David Card, who shared the prize, is the oldest among the three winners, and Guido Imbens was one of his doctoral students. According to the Nobel spokespeople, Card won the prize for his “empirical” contributions to labor economics.

Card, who continued to work with his student Imbens, an established econometrician, came to two important conclusions. The first is that the impact of low-skilled migrants to Miami did not cause a decrease in wage levels. The second conclusion was that the imposition of a minimum wage did not cause a decrease in the demand of laborers.

These two findings came as a surprise to many economists. Yet, socially inclined economists like Joseph Stiglitz, find the results to be true.

In order to study the cause and effect relationship between a policy and its effect on a large population poses a number of difficulties. The most important factor is that a policy might only affect a certain percentage of the targeted population, and if this is the case then how does one arrive at finding the average impact on the total population?

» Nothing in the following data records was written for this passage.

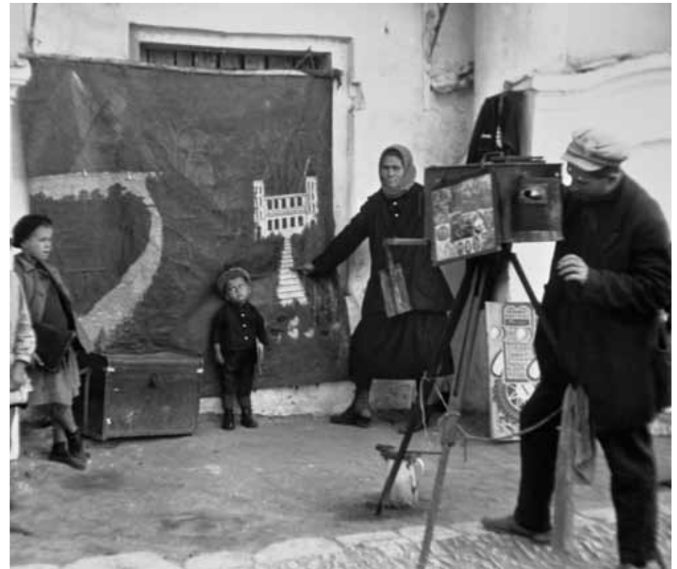
Straßenphotograph, Moskau 1932

Nur wenige Wochen später brach die Photographin zu einer ausgedehnten Reise durch Usbekistan und Tadschikistan auf, wohin vor ihr kaum ausländische Photographen gekommen waren. Mit dem Schnellzug vom Kasaner Bahnhof dauerten die knapp 3 500 Kilometer durch die kasachische Steppe vier Tage und vier Nächte bis Taschkent, der Hauptstadt von Usbekistan. Von dort aus ging es noch einmal zwei Tage weiter durch die alten Stadtoasen Samarkand und Buchara in das gebirgige Tadschikistan bis nach Stalinabad. Kisch hatte die Verbindung zum Vizepräsidenten der tadschikischen SSR, Abdurachim Chodschibajew, hergestellt, der Lotte Jacobi nach Stalinabad (Duschanbe) zu einem offiziellen Photoauftrag einlud. Mit ihren Aufnahmen wollte er endlich der Welt ein Bild vom neuesten Entwicklungsstand der beiden Sowjetrepubliken geben und die Ansichten über Buchara und Samarkand als Städte aus »Tausend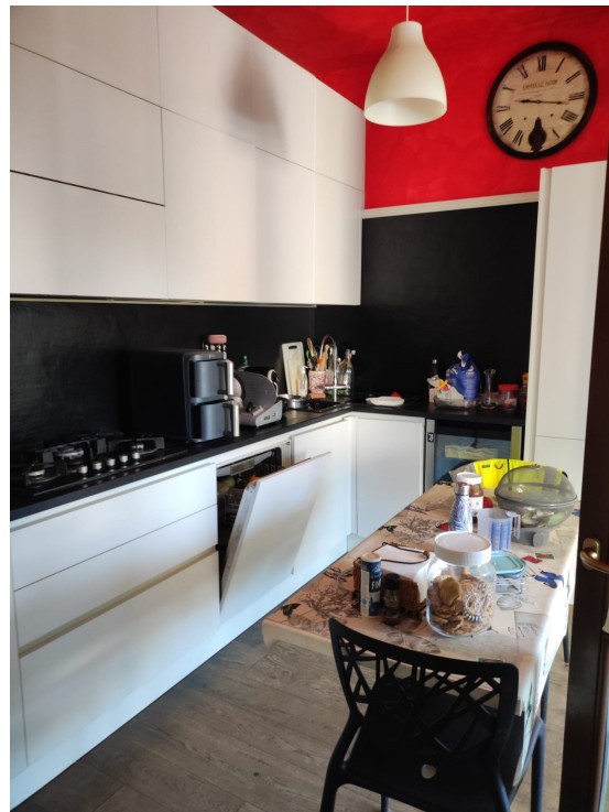
Cucina (p. 1°)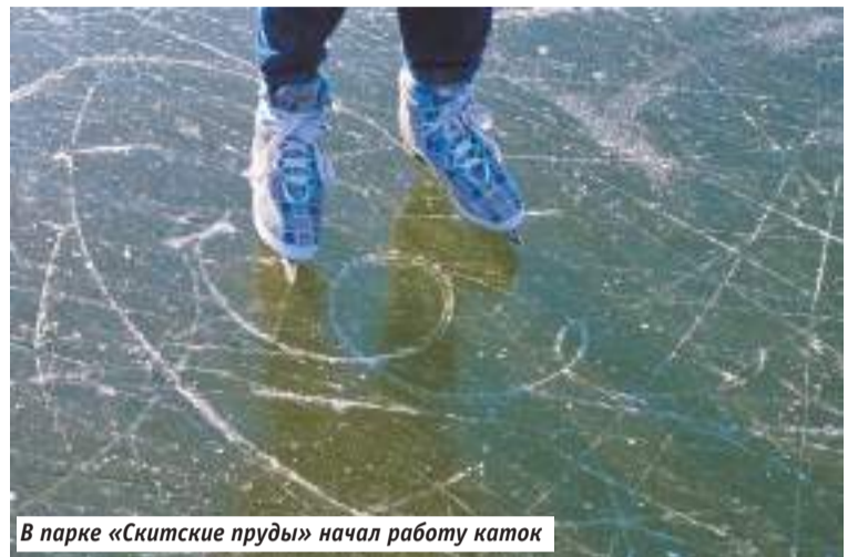
В парке «Скитские пруды» начал работу каток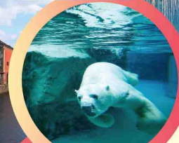
สวนสัตว์อาซาฮิยาม่า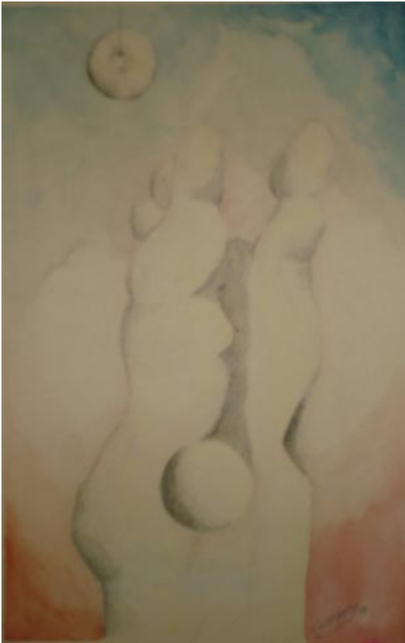
Sin título, acuarela sobre papel, 45x29 cm, de la serie hombres necios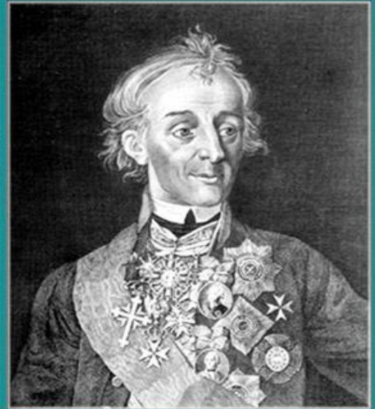
Field Marshall Count Alexander Vasilievich Suvorov Rimniksky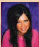
Hexina jónó www.holdfenyek.hu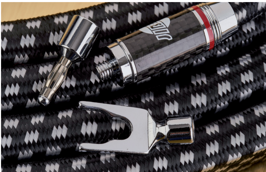
Beim Silver Actinium lassen sich die gewünschten Anschlüsse einfach aufschrauben

Wesentlich mehr Gewicht als das Argon bringt das JIB Boaacoustic Silver Actinium auf die Waage. Es ist nicht rund, sondern rechteckig. Die „flache“ Seite ist mit dreizehn Millimetern beinahe so stark wie der Durchmesser des Argon. Die breite Seite habe ich mit 27,5 Millimetern gemessen. Trotz seiner stattlichen Masse ist das Kabel recht beweglich. Wie der Name erwarten lässt, ist das Silver Actinium um symmetrisch angeordnete Leiter aus versilbertem Kupfer S-OCC 6N aufgebaut. Das monokristalline Rohmaterial kommt aus Japan. Dies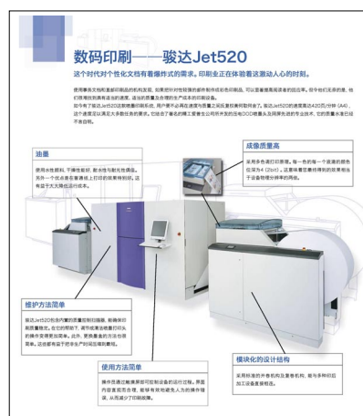
商品目录使用实例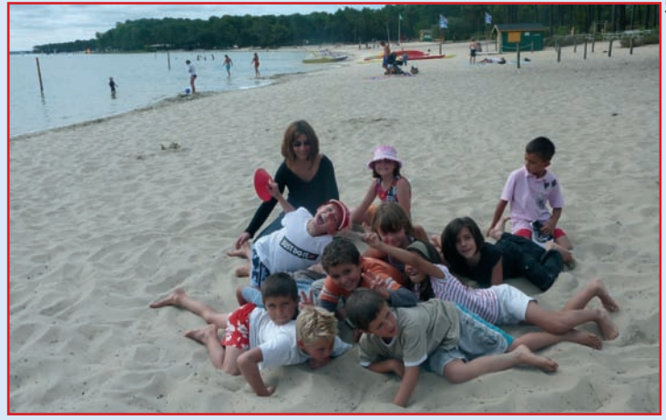
Un groupe d'enfants du CLSH à Bombannes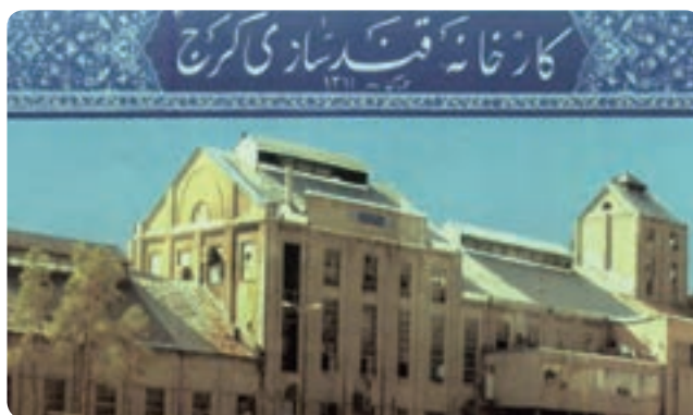
شکل ۸-۱۰ کارخانه قند کرج از اولین واحدهای صنعتی استان

مجموعه این تحولات موجب شد در مدت کوتاهی کرج با جذب مهاجرانی از سراسر کشور به دومین شهر پرجمعیت استان تهران تبدیل شود و سرانجام در سال ۱۳۸۹ به عنوان مرکز استان البرز انتخاب شد.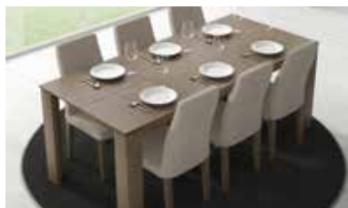
ref. M1 pg. 96-99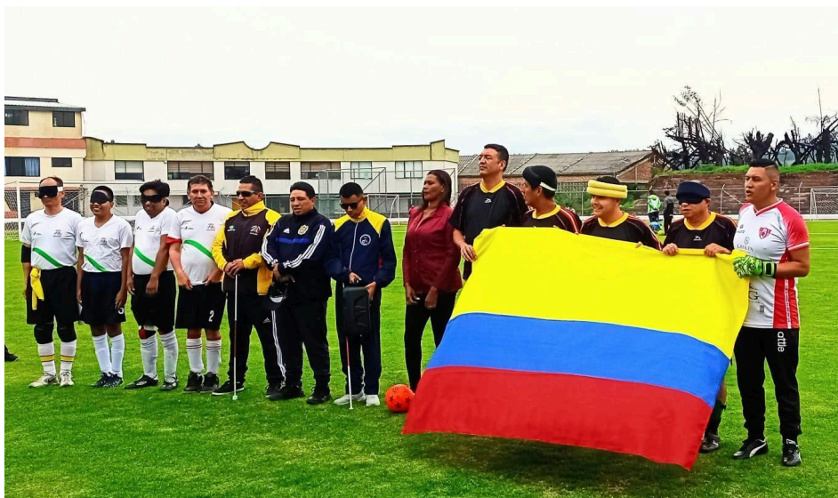
Figura 2. Actividad “Compartiendo experiencias”

esférico, elaborado de material sintético, cuenta con cascabeles en su interior que emiten una señal auditiva al desplazarse dentro del terreno de juego o al ser golpeado por los deportistas. Además, el guardameta dispone de un área de 2 metros donde puede intervenir con normalidad; sin embargo, si participa en la dinámica de juego fuera de esta zona, el árbitro sanciona la infracción con un penalti desde 6 metros de distancia.

This statistical and mathematical challenge was the crux of the work undertaken by Guido Imbens and Joshua Angrist. Both worked to develop the method used, and they both shared the Nobel Prize. The Nobel spokesperson explained that both Imbens and Angrist won the prize for their methodological contributions to the analysis of causal relationships.

I really do not want to go into the technical details of what both Imbens and Rubin did, nor what Imbens and Kreuger as well as Angrist had worked on. Yet, what the three 2021 Nobel Prize winners accomplished is admirable.
They have given us a way to assess the success or failure of public polices.

We, in Jordan, are fully obsessed in counting our attempts, whether projects, policies, or measures in substantiating our roles. Yet, these are the inputs. What we actually should focus on is assessing the impact of our polices, projects, and measures on the targeted population.

This new method called, “LATE,” or the “Local Average Treatment Effect,” is something that should be taught to our researchers at the Central Bank, Ministry of Finance, Securities Commission, and the Economic and Social Council.

All of these departments have to know how their decisions to change deposit rates, tax rates, and wages affect the financial market, labor market, and investment in the economy or in the Amman Stock Exchange.

One more revelation is now in order. The “LATE” method could also be used to assess the impact of COVID-19 vaccinations on public health, economic activity, and economic growth.

Another aspect of economics that is extremely useful for public policy assessments is behavioral economics, which combines mathematical methodology, psychology, and economics to measure the impact of public polices. 

Five Nobel Prize winners have been from this field. These were Herbert Simon (1976), Gary Becker (1992), Daniel Kahneman and Amos Tversky (2002), Robert Shiller (2013), and Richard Thaler (2017).

These theories and econometrical methodologies should be taught to our graduate students, and should be applied to make case study analyses of Jordan’s economic policies.